• Eastern Cape Rising Sun

“He slaughtered her...”

Siblings Busisiwe, Thabo and Phumla Ngwadla in happier times.

“Justice will be served. Matika will die in prison, he is not coming back. I will make sure that he gets the deeper end of justice.”- Thabo, brother of the slain mother, Busisiwe Ngwadla (37).

On Monday the Ngwadla and Matika families, the public and journalists were thrown out of the East London Magistrate Court after a confrontation between murder accused Ayanda Matika’s family and Thabo Ngwadla, brother to slain Busisiwe. Thabo claims that the Matika family intimidated and threatened him. The court proceedings were finalised in a closed court.

Matika (50) appeared in court after he was ‘supposedly’ sent for a mental evaluation in August. Last month he was scheduled to go to the Fort England Psychiatric hospital in Makhanda for an intensive mental evaluation. This follows his claim during his bail application in July/August that he ‘blacked out’ when he stabbed Busisiwe.

The Court heard that Matika did not go owing to shortages of beds.
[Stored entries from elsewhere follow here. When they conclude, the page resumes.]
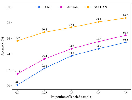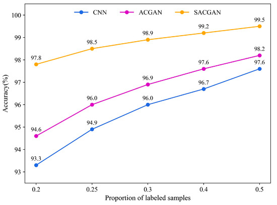 Each class’s training samples are divided into labeled and unlabeled samples in different ratios to train the SACGAN. The labeled samples are also used to train the ACGAN and the CNN model for comparison, where the parameter structure of the ACGAN is the same as the SACGAN. It is worth mentioning that to verify the effectiveness of the discriminator’s structure, the CNN model here is the discriminator of SACGAN that can perform supervised learning. Each group of comparative experiments is repeated ten times, and the average recognition accuracy of the test samples at different label ratios is given in Figure 12. The results show that all three models have high recognition accuracy, indicating the effectiveness of the discriminator structure; the ACGAN and the SACGAN effectively improve the recognition ability of the discriminator through adversarial learning; limiting the number of labeled training samples has a greater impact on the fault recognition ability of the ACGAN and the CNN and the SACGAN can weaken the influence of decreasing labeled training samples and has the highest recognition accuracy under different label ratios.
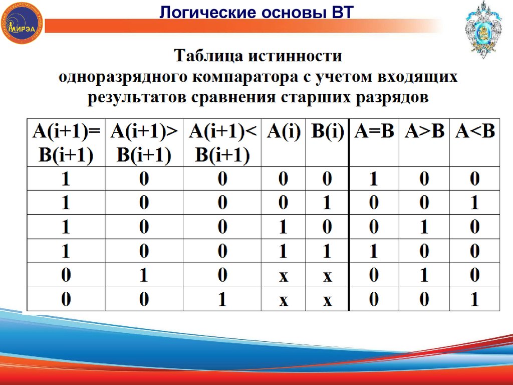 Логические основы ВТ. Компараторы
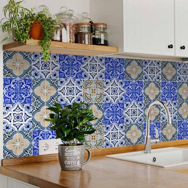 Blue, Yellow and Brown H402 7 in. x 7 in. Vinyl Peel and Stick Tile (24-Tiles, 8.17 sq. ft. / Pack)
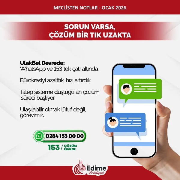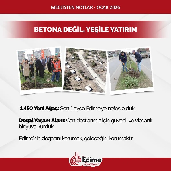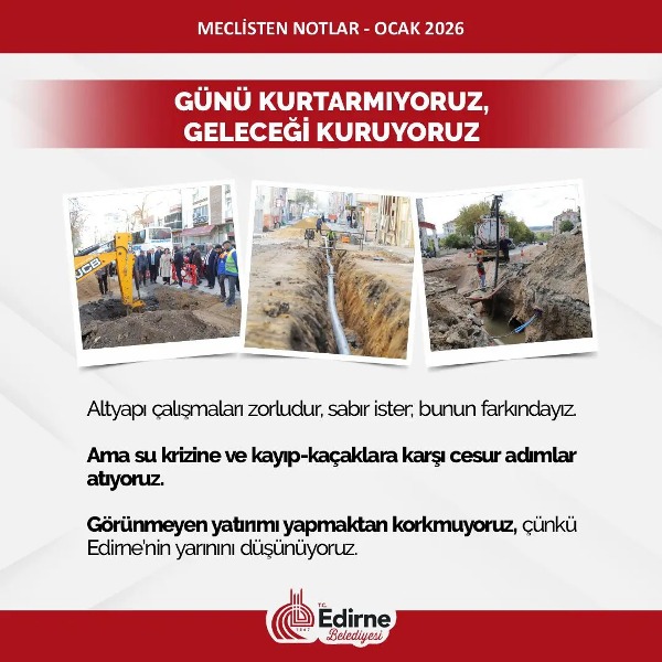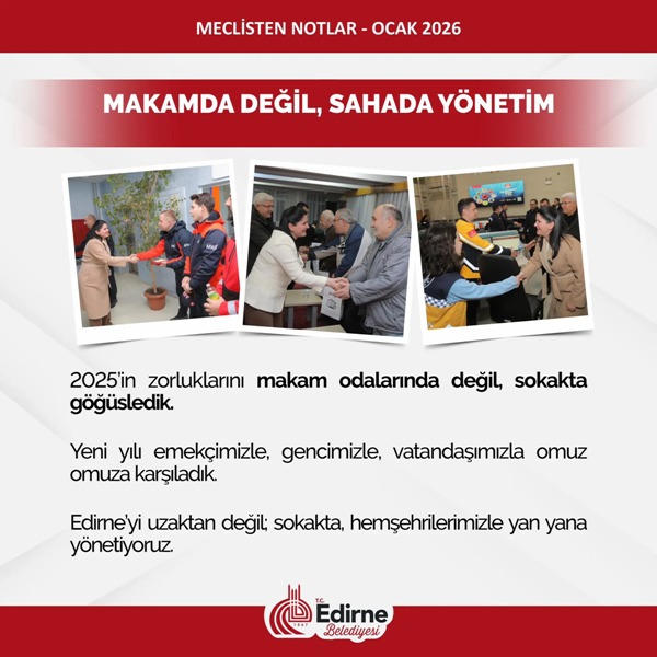 2026 yılı gerçekten belediyemiz için güzel başlayan bir yıl oldu. 2025’i zor geçirdik. Gerçekten zor bir seneydi ama meclisimizin ve mesai arkadaşlarımızın çalışmasıyla ideallerimizi hedeflerimizi ve bundan sonraki yapacaklarımızı planladığımız programladığımız ve hayata geçirdiğimiz yepyeni bir yıla başlıyoruz. O yüzden hem mutluyuz hem de umutluyuz. Edirne Belediyesi inşallah 2026’da daha çok yatırımlarıyla, çünkü biz 2026’yı yatırımlar ve projeler yılı ilan ettik. 2025’te yaptığımız işleri çoğaltarak daha nice güzel işleri hep beraber meclis üyelerimizle mesai arkadaşlarımızla beraber hayata geçireceğiz.”

Matika’s lawyer Bongani Macingwane argued against his mental evaluation demanding detailed reasons for such a decision. According to the provincial National Prosecuting Authority (NPA), “The State wants to satisfy itself that he is fit to stand trial. Unfortunately, there are no beds, the hospital is full because there are a lot of people that are unwell out there,” said spokesperson, Luxolo Tyali.

Thabo simply cannot accept this.

“Monday was horrible, I left the court with a massive headache. We, as a family did not provoke anyone, we just want state authorities to do their job. The state cannot claim there are no beds in Fort England, if they want to evaluate this man, they must just do it and spare me the lame excuses of lack of adequate infrastructure.”

Busisiwe Ngwadla (37) is remembered as the daughter who had an admirable relationship with all members of her family, but particularly her brother and grandmother. “Yhoo uBusi, umntanasekhaya. We grew up with our grandmother mostly. When we started living on our own, we drove together to our rural home in Alice where my ‘Master Chef’ sister would cook up a storm and ensure that every gathering is characterised by good food and special care for elders. My sister, moving up and down, working hard to please everybody,” recalls Thabo.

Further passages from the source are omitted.